HuS*_*Shu 8 python numpy while-loop python-2.7
我有几个(~10 ^ 10)点的x,y,z坐标数组(这里只显示了5个)
a= [[ 34.45 14.13 2.17]
[ 32.38 24.43 23.12]
[ 33.19 3.28 39.02]
[ 36.34 27.17 31.61]
[ 37.81 29.17 29.94]]
Run Code Online (Sandbox Code Playgroud)
我想创建一个新数组,只包含d
与列表中所有其他点相距至少一些距离的点.我用while
循环编写了一个代码,
import numpy as np
from scipy.spatial import distance
d=0.1 #or some distance
i=0
selected_points=[]
while i < len(a):
interdist=[]
j=i+1
while j<len(a):
interdist.append(distance.euclidean(a[i],a[j]))
j+=1
if all(dis >= d for dis in interdist):
np.array(selected_points.append(a[i]))
i+=1
Run Code Online (Sandbox Code Playgroud)
这样可行,但执行此计算需要很长时间.我读到某处while
循环非常慢.
我想知道是否有人对如何加快这个计算有任何建议.
编辑:虽然我的目标是找到距离所有其他距离至少有一段距离的粒子,但我只是意识到我的代码中有一个严重的缺陷,假设我有3个粒子,我的代码执行以下操作,对于第一次迭代i
,它计算距离1->2
,1->3
比方说1->2
小于阈值距离d
,因此代码抛弃粒子1
.对于下一次迭代i
,它只会2->3
,并且假设它发现它大于d
,所以它保持粒子2
,但这是错误的!因为2也应该与粒子一起丢弃1
.@svohara的解决方案是正确的!
对于大数据集和低维点(例如三维数据),有时使用空间索引方法有很大好处.低维数据的一个流行选择是kd树.

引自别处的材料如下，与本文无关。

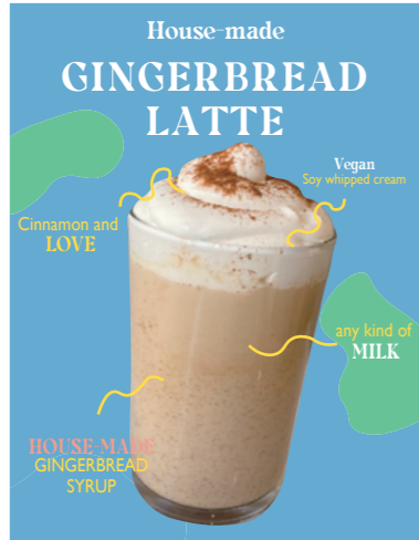
my bowl GINGERBREAD LATTE 650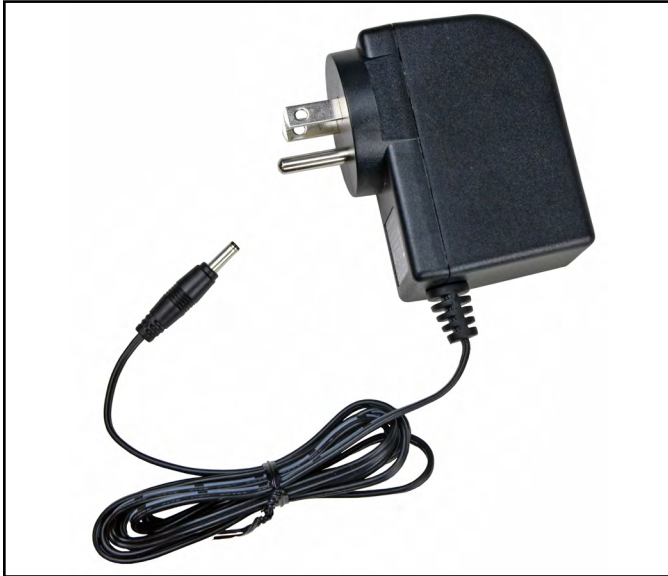
Figure 2. North American power adapter included with the 19239 and 19242 Mini Monitors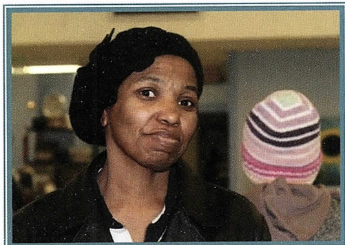
Women find support at Sarah's Circle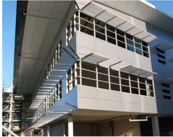
8 Brindabella Park, Canberra International Airport

Workshop Friday 11 November 7:45am Registration and Breakfast for 8:30am – 12noon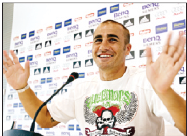
Real Madrid have strengthened their defence by signing Italy's World Cup winning captain Fabio Cannavaro.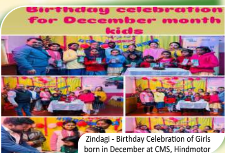
Zindagi - Birthday Celebration of Girls born in December at CMS, Hindmotor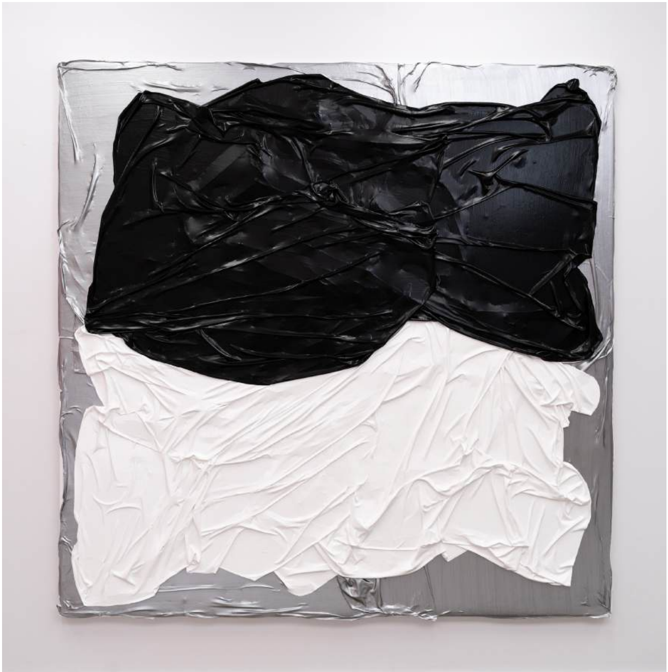
Untitled (SBW) #1, 2024 acrylic on canvas 183 x 183 cm $22,000 incl. GST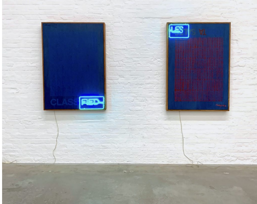
Chryssa, Classified (1960).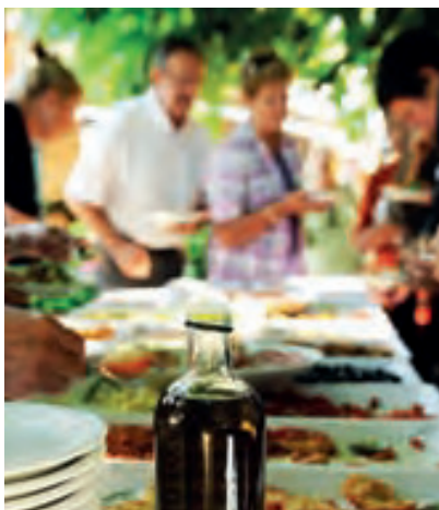
A long included Highlight Lunch in Provence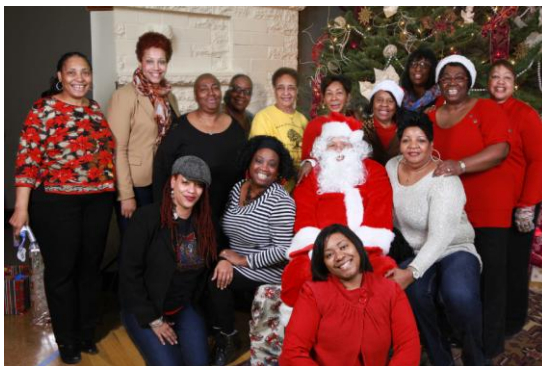
Members of Ladies Auxiliary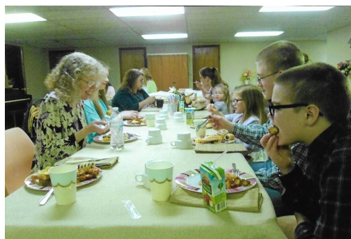
Fellowship Breakfast enjoyed! Easter Sunday Before Church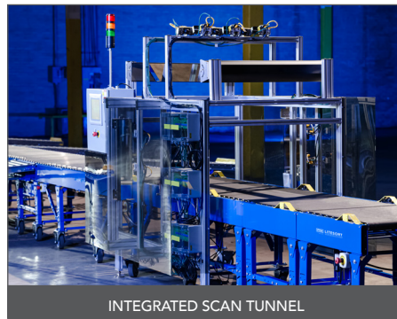
INTEGRATED SCAN TUNNEL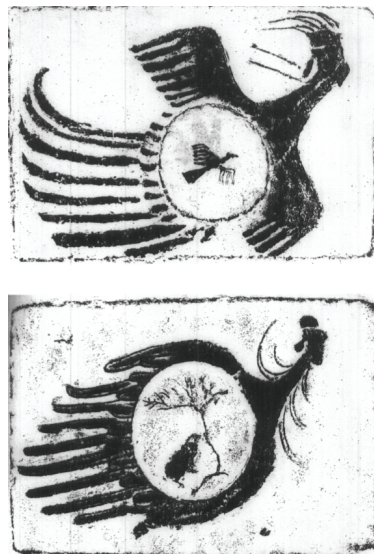
Figure 23: Sun God and Moon Goddess from the tomb of Xinfan, Sichuan. Second century CE. Eastern Han (After Gong 1998, figs. 346 and 347).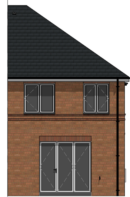
Rear Elevation. 1 : 100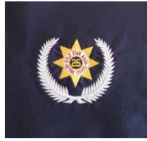
25 & 50 Monogram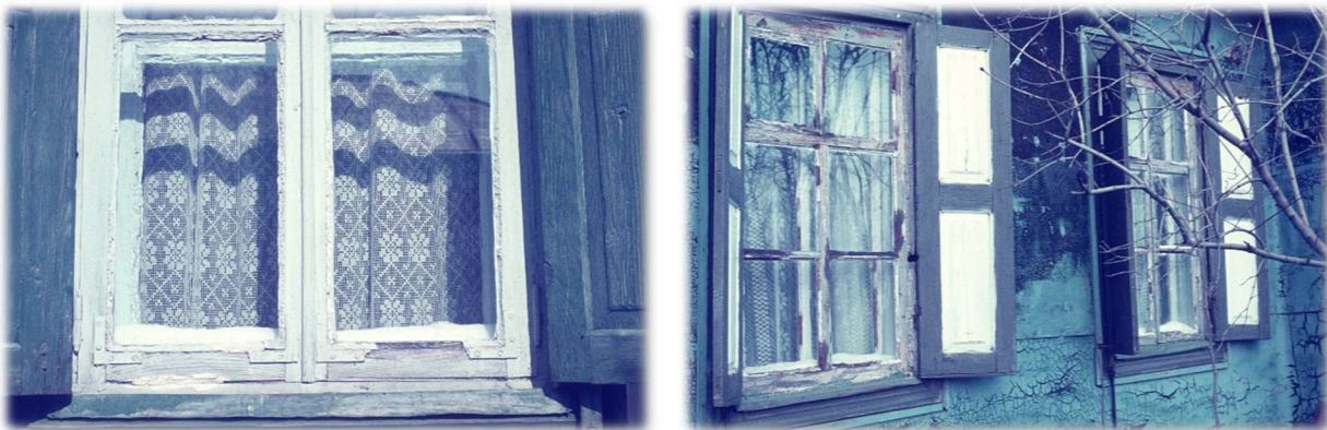
Windows in old buildings.

I took a lot of images of old dwellings. I saw a building that looked like it may have been a synagogue and shot it, walking on private property. A young woman who lives there was working in the yard and was very nice to me. She called the dogs away from me and didn't question my presence at all. I asked her if the building used to be a synagogue, but she said no. She told me where there used to be one and I looked for it, but it must have been demolished because there was no outstanding building. I saw a lot of interesting dwellings, but I am interested to see the exact buildings where Bubba lived tomorrow.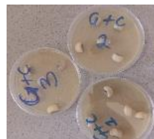
Figure 4b Cowpea + GAE 100% (4DAI)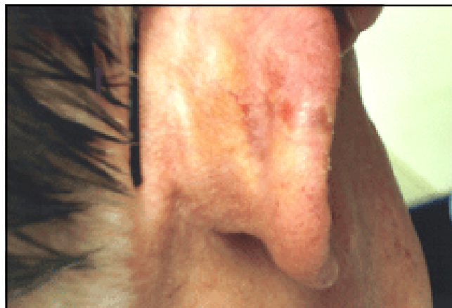
Fig 1 and 2: BCC on ear at start of treatment and the same area 4 weeks later after PDT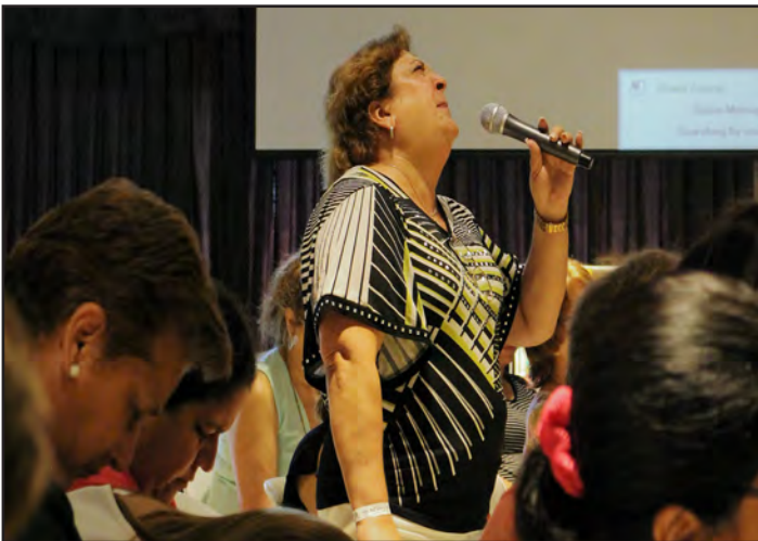
A time of prayer at the 2017 Cono Sur (Southern Cone) gathering of Mennonite churches in South America.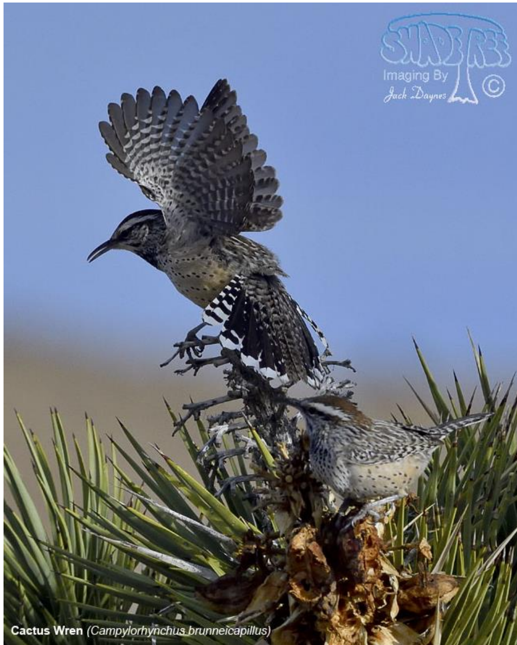
Cactus Wrens at Pinyon Well

Despite the strong changes in faunal composition, there are numerous species described by Miller and Stebbins as common or widespread that remain so, at least at a coarse-scale. Examples of birds include the Gambel's Quail, Mourning Dove, Cactus Wren, Rock Wren, House Finch, and Black-throated Sparrow, and examples of mammals include the antelope ground squirrel, Merriam's kangaroo rat, desert woodrat, cactus mouse, coyote, and gray fox.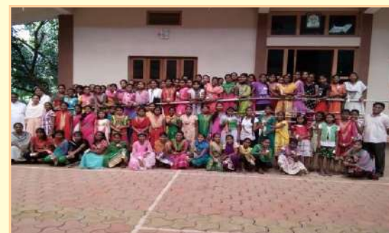
Excursion Visit of Pota cabin Students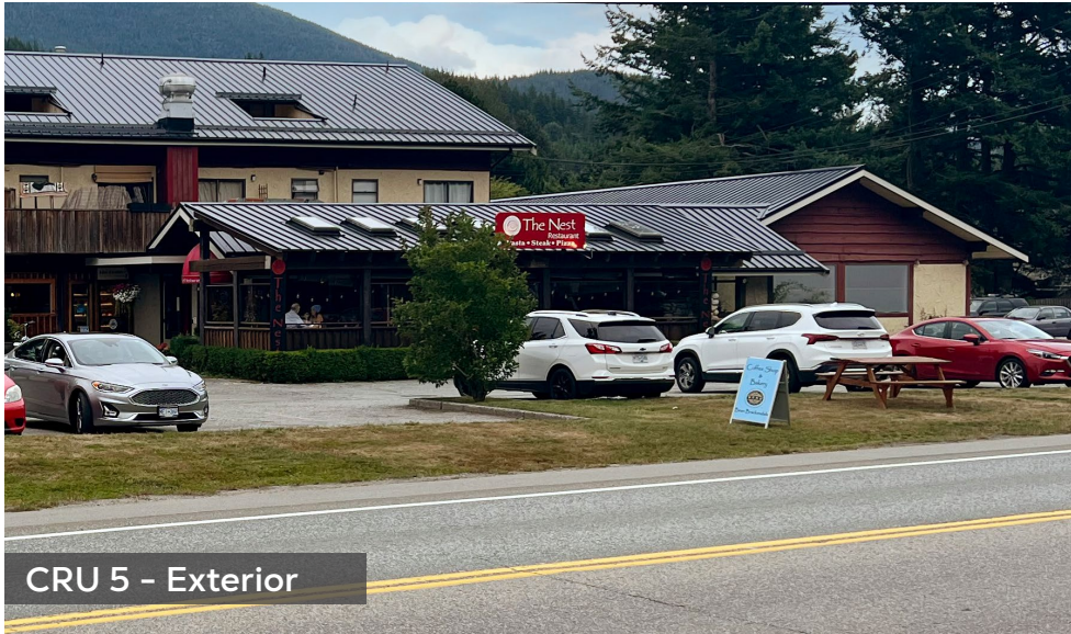
CRU 5 - Exterior

策略是索引数据集.然后使用相同的数据集查询索引,以返回每个点的2个最近邻居.第一个最近邻居总是点本身(dist = 0),所以我们真的想知道下一个最近点(第二个最近邻居)有多远.对于那些2-NN>阈值的点,你得到了结果.
from scipy.spatial import cKDTree as KDTree
import numpy as np
#a is the big data as numpy array N rows by 3 cols
a = np.random.randn(10**8, 3).astype('float32')
# This will create the index, prepare to wait...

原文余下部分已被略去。